VOTING AT ANNUAL MEETING
General Information
Shareholders may vote in person or by proxy at the Annual Meeting. Proxies
given may be revoked at any time by filing with the Company either a written
revocation or a duly executed proxy bearing a later date, or by appearing at the
Annual Meeting and voting in person. All shares will be voted as specified on
each properly executed proxy. If no choice is specified, the shares will be
voted as recommended by the Board of Directors, namely "FOR" Proposal 1 to elect
the three persons nominated as Class B directors by the Board of Directors, and
"FOR" Proposal 2 (Ratification of Appointment of Independent Public
Accountants).
As of September 14, 2000, the record date for determining shareholders
entitled to notice of and to vote at the Annual Meeting, LSI Industries had
10,291,119 Common Shares outstanding. Each share is entitled to one vote. Only
shareholders of record at the close of business on September 14, 2000, will be
entitled to vote at the Annual Meeting. Abstentions and shares otherwise not
voted for any reason, including broker non-votes, will have no effect on the
outcome of any vote taken at the Annual Meeting.
<PAGE>
Principal Shareholders
As of September 7, 2000, the following are the only shareholders known by
the Company to own beneficially 5% or more of its outstanding Common Shares:
Amount and Nature of Percent
Name of Beneficial Owner Beneficial Ownership Of Class
------------------------ -------------------- --------
T. Rowe Price Associates, Inc. 1,007,300 9.68%
100 East Pratt Street
Baltimore, MD 21202
Fleet Investment Advisors, Inc. 615,005 5.91%
75 State Street
Boston, MA 02109
Robert J. Ready 557,843 (a) 5.36%
10000 Alliance Road
Cincinnati, Ohio 45242
Dalton, Greiner, Hartman, Maher & Co. 521,900 5.01%
565 Fifth Avenue
Suite 2101
New York, NY 10017-2413
(a) Includes 14,685 shares held in the Company's non-qualified Deferred
Compensation Plan, and 130,488 shares held in trust for Mr. Ready's
children. Mr. Ready disclaims beneficial ownership of shares held by or in
trust for his children.
Voting by Proxy
All properly signed proxies will, unless a different choice is indicated,
be voted "FOR" the election of the three nominees for Class B directors proposed
by the Board of Directors, and ratification of the appointment of independent
public accountants.
If any other matters come before the meeting or any adjournment, each proxy
will be voted in the discretion of the individuals named as proxies on the card.
Shareholder Proposals
Shareholders who desire to have proposals included in the Notice for the
2001 Annual Meeting of Shareholders must submit their proposals to the Company
at its offices on or before May 30, 2001.

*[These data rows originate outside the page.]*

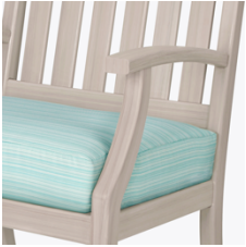
Waterproof Outdoor UV Protected Frame

Special additive protects frame against the elements and damaging ultraviolet rays.
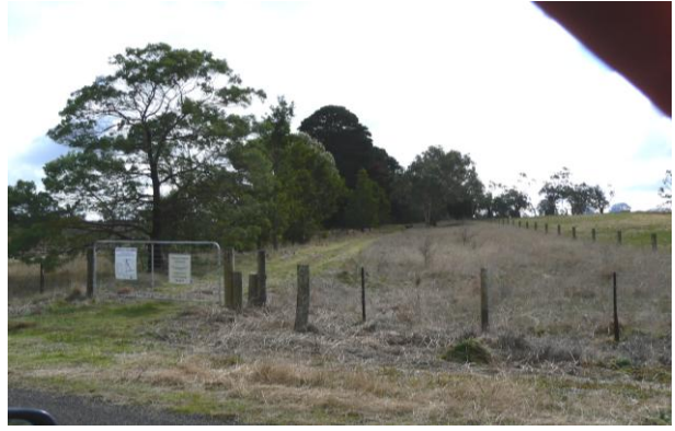
SE end of reserve at Macfarlanes Rd, looking north
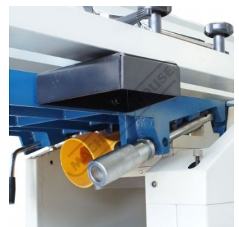
Table Height Adjustment
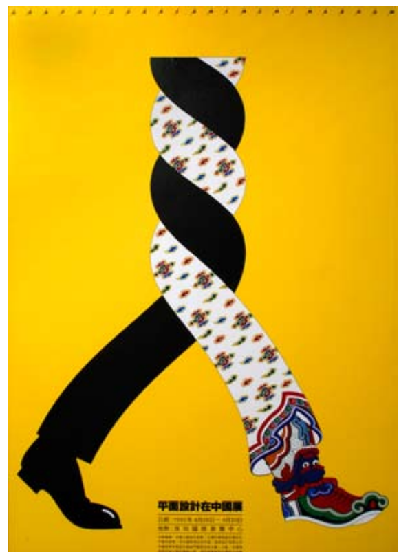
Chen Shaohua Graphic Design in China Exhibition Poster
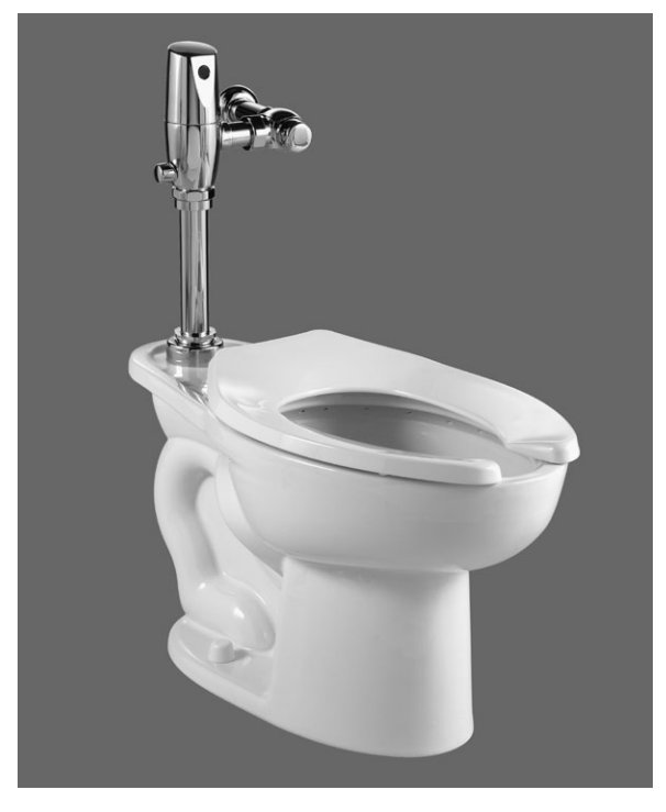
SEE REVERSE FOR ROUGHING-IN DIMENSIONS
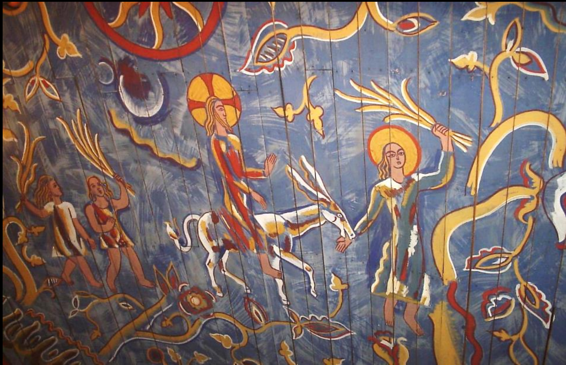
Christ on the Colt -- Church of Saint Matthew, Methodist Assembly, Goteborg, Sweden
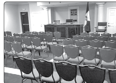
The old party barn was recently transformed into the new chapter room. The chapter is still in the process of decorating the space.
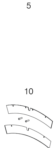
Brackets and screws
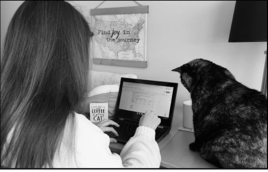
See more pictures of Virtual and Remote Learning on Page 5.

Even though this year started out different than last year, and may end different than last year, one thing that is the same is that it has been great to see friends and learn new things.
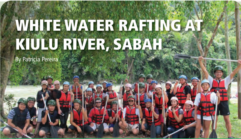
The brave and adventurous members before the action begins
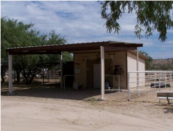
Tack room w/ shade
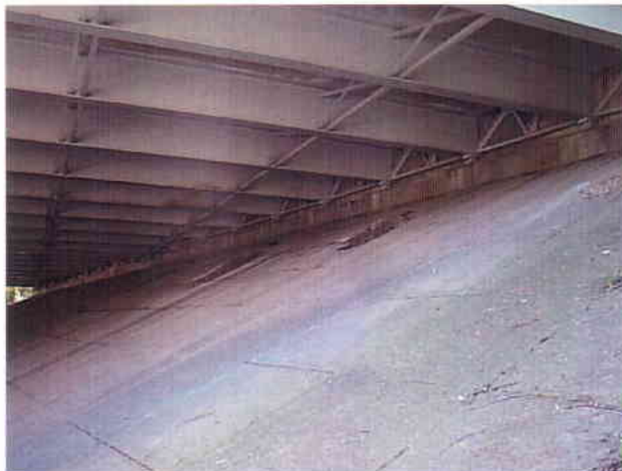
Photograph 40 View Looking South at the Underside of the East and West Bound Lanes of the Interstate 90 Bridge over Kenilworth Avenue (CUY-90-1506)
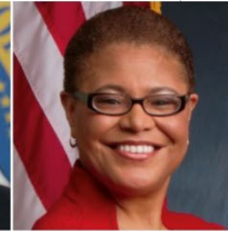
Rep. Karen Bass
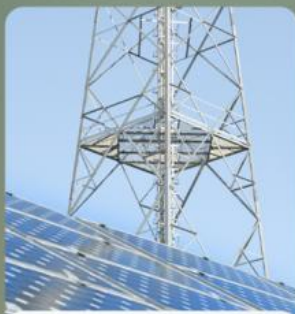
03 FOR Base Station
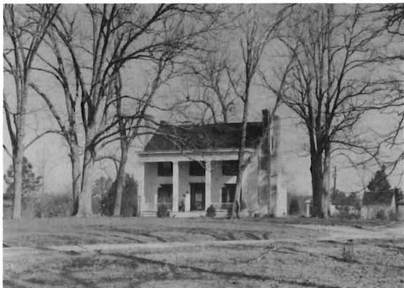
Ravenswood Richmond, Virginia
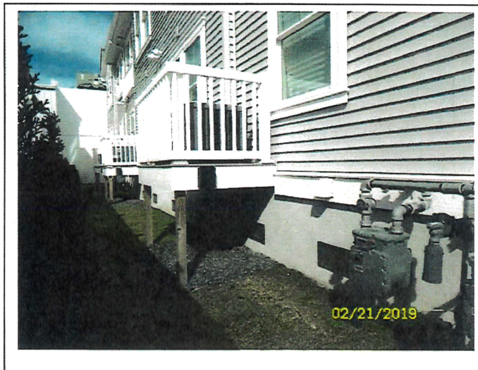
Rear View – Date of Photograph: (See Photo Stamp)
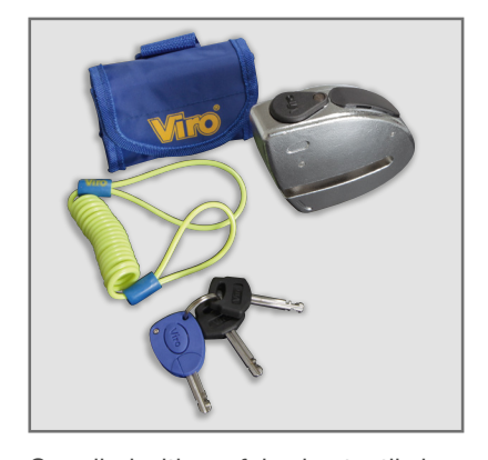
Supplied with useful nylon textile bag and "reminder" cable to avoid starting with the disc lock inserted. Lock protected by weatherproof cap

Innovative and original design, very sturdy, particularly suitable for motorbikes
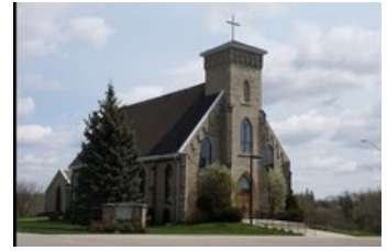
St Vincent de Paul, Mitchell

21st & 22nd Sunday of Ordinary Time — August 27 and September 3, 2023
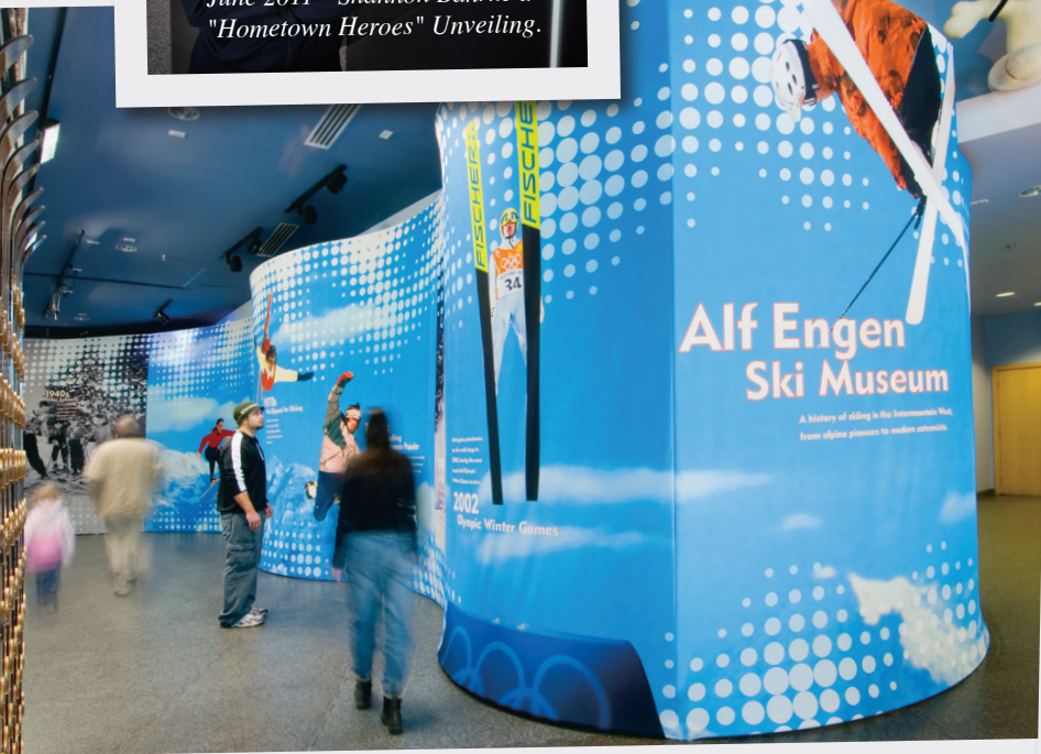
New entry wall at the Alf Engen Museum—November 2007.
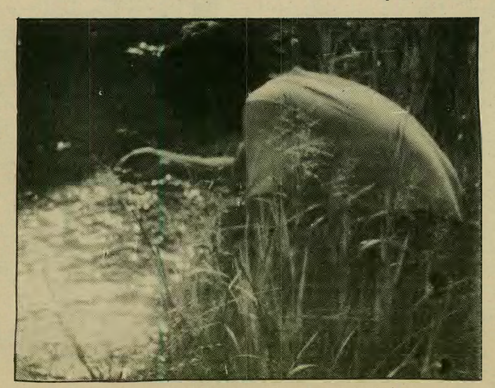
A thirsty hiker takes a drink from a mountain stream.

The staff reserved the weekends for carefree jaunts across the Kenai Peninsula, usually to Homer or Seward. We spent one weekend camping on the Homer Pit, the second largest gravel pit in the world. We pitched our tents on the small rocks close to the water's edge. That night we cooked fresh shrimp on the ends of whittled sticks over the driftwood fire, drank chilled wine and played our guitars. Even at midnight, the sky still glowed under the setting sun and the mountains encircled our campsite.
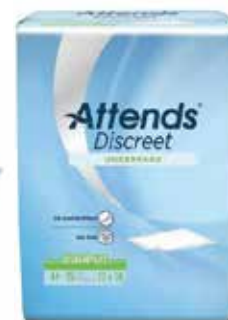
Underpad, Disposable - 23" x 36" Item No. 2029
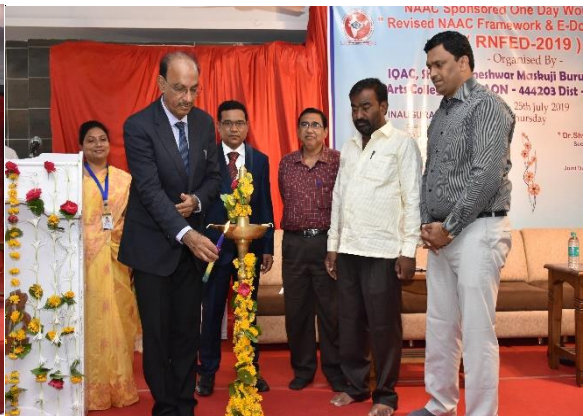
Lightning the lamp
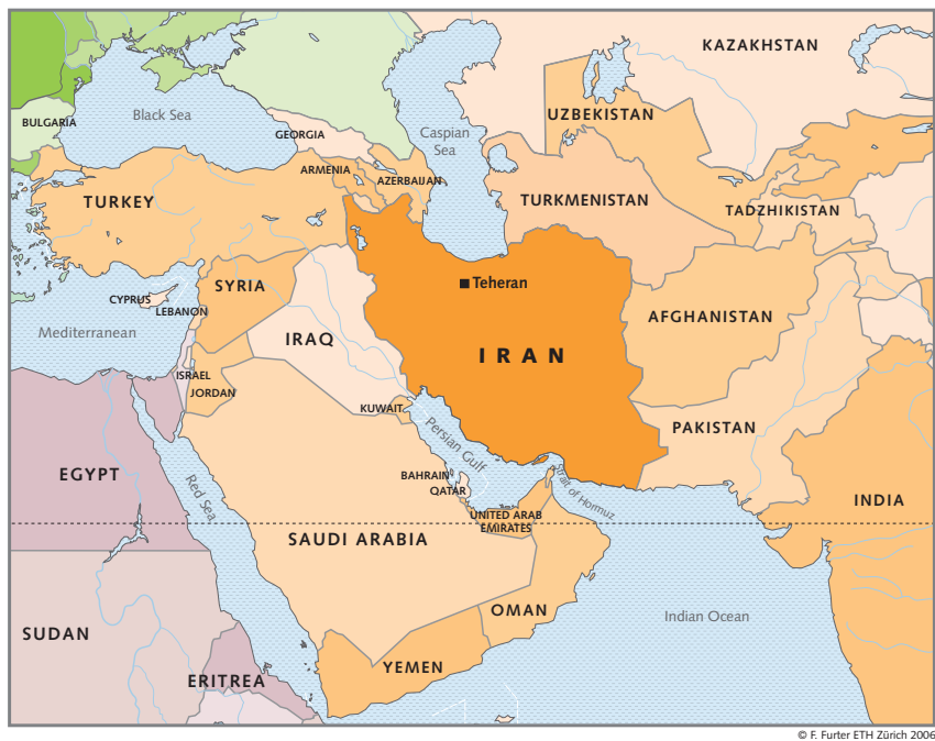
Iran and its neighbors

Moreover, even if some form of rapprochement based on shared interests came about, defusing the nuclear crisis in a sustainable manner would also require the
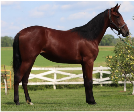
Splendid Dew #28
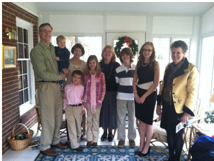
Gov. Alexander Martin Society members at their January meeting
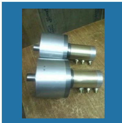
Hydraulic Rotary Cylinder
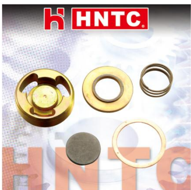
VALVE, IN A/C 進氣活門 70 H06CT*84 H07C W06 29101-1220
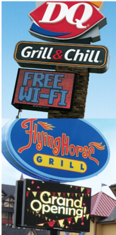
35mm Color Decatur, IL Matrix: 40 x 64 5' H x 8' W
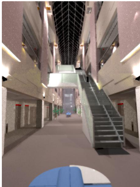
Figure 4.2: Scene "Aizu Atrium" as rendered by WP07 renderer (tonemapped for printing).
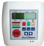
Display Master 4 - Remote Addon Panel with Remote Master Built in

The form of Proxy for the Annual Meeting of Shareholders grants authority
to the persons designated therein as proxies to vote in their discretion on any
matters that come before the meeting, or any adjournment thereof, except those
set forth in the Company's Proxy Statement and except for matters as to which
adequate notice is received. In order for a notice to be deemed adequate for the
2001 Annual Shareholders' Meeting, it must be received prior to August 13, 2001.
<PAGE>
Proposal 1. Election of Directors
The Company's Code of Regulations provides that the Board of Directors be
composed of two classes of directors, Class A and Class B, with each class
elected for a two-year term. One class is elected annually. The terms of the
Class A directors expire at the 2001 Annual Meeting of Shareholders while the
terms of the Class B directors expire at the 2000 Annual Meeting of
Shareholders.
The Board is nominating for reelection three present Class B directors,
namely, Allen L. Davis, Wilfred T. O'Gara and James P. Sferra. Proxies solicited
by the Board will be voted for the election of these three nominees.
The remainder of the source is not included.